Task directions:
Starting with the line that contains "スリムフィットでボディコンタ", copy every line through the end of the listing, exactly and only those. No pictures should appear in the copy.

Data section:
'''

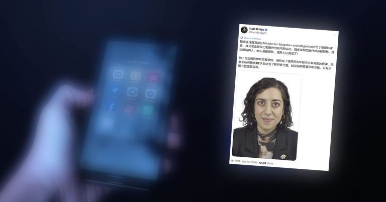 En annan tweet riktar en rad falska anklagelser mot Simona Mohamsson om att hon ”tvingat islam på svenska barn” i sin roll som utbildningsminister. Även om det här inlägget gjordes på kinesiska, plockades det upp och spreds vidare på många andra språk och nådde hundratusentals användare.
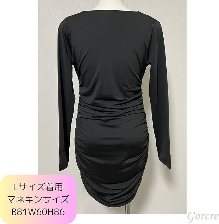 スリムフィットでボディコンタイプ♫ギャザーでピタッとし過ぎないから、腰回りのちょい体型カバーで上品な印象に。艶やかさとフェミニンで大人の女性の雰囲気を演出♬
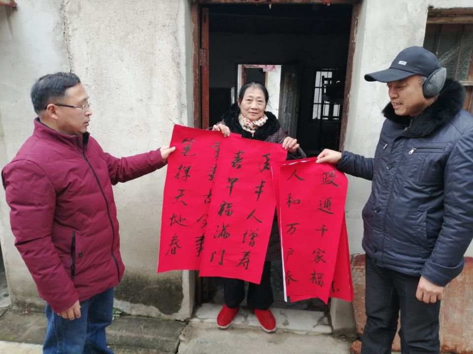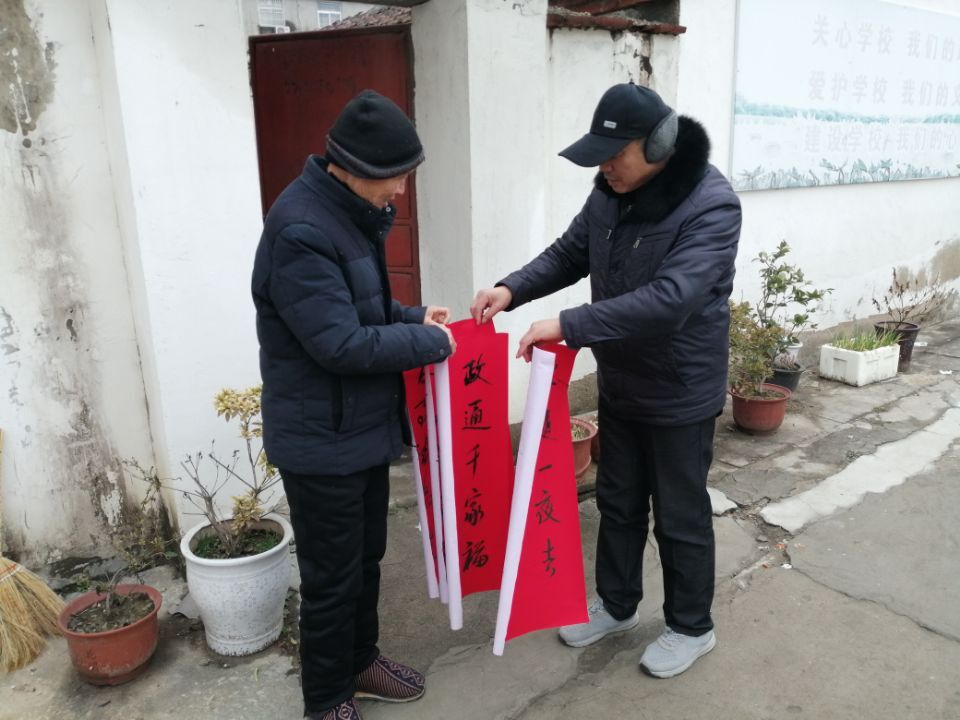 活动现场,桑涧初中两位书法爱好者张国永主任、朱广玉主任挥毫泼墨,把美好新春祝愿倾注到红红的春联中。写完后,把春联送到街道社区,送给群众,向群众送上新春美好祝愿。(图文:袁之明  审核:单正元  终审:金世权)
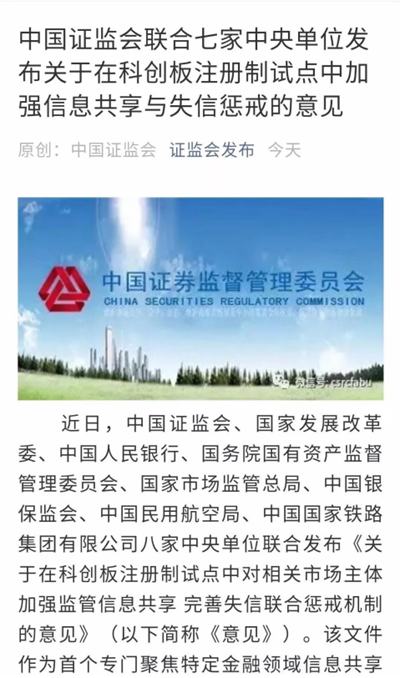 《關于在上海證券交易所設立科創板并試點注冊制的實施意見》第十九條也顯示,將發行人和相關中介機構及責任人的信用記錄納入國家統一信用信息平臺,加強監管信息共享,完善失信聯合懲戒機制。

'''

Solution below:
 スリムフィットでボディコンタイプ♫ギャザーでピタッとし過ぎないから、腰回りのちょい体型カバーで上品な印象に。艶やかさとフェミニンで大人の女性の雰囲気を演出♬
 活动现场,桑涧初中两位书法爱好者张国永主任、朱广玉主任挥毫泼墨,把美好新春祝愿倾注到红红的春联中。写完后,把春联送到街道社区,送给群众,向群众送上新春美好祝愿。(图文:袁之明  审核:单正元  终审:金世权)
 《關于在上海證券交易所設立科創板并試點注冊制的實施意見》第十九條也顯示,將發行人和相關中介機構及責任人的信用記錄納入國家統一信用信息平臺,加強監管信息共享,完善失信聯合懲戒機制。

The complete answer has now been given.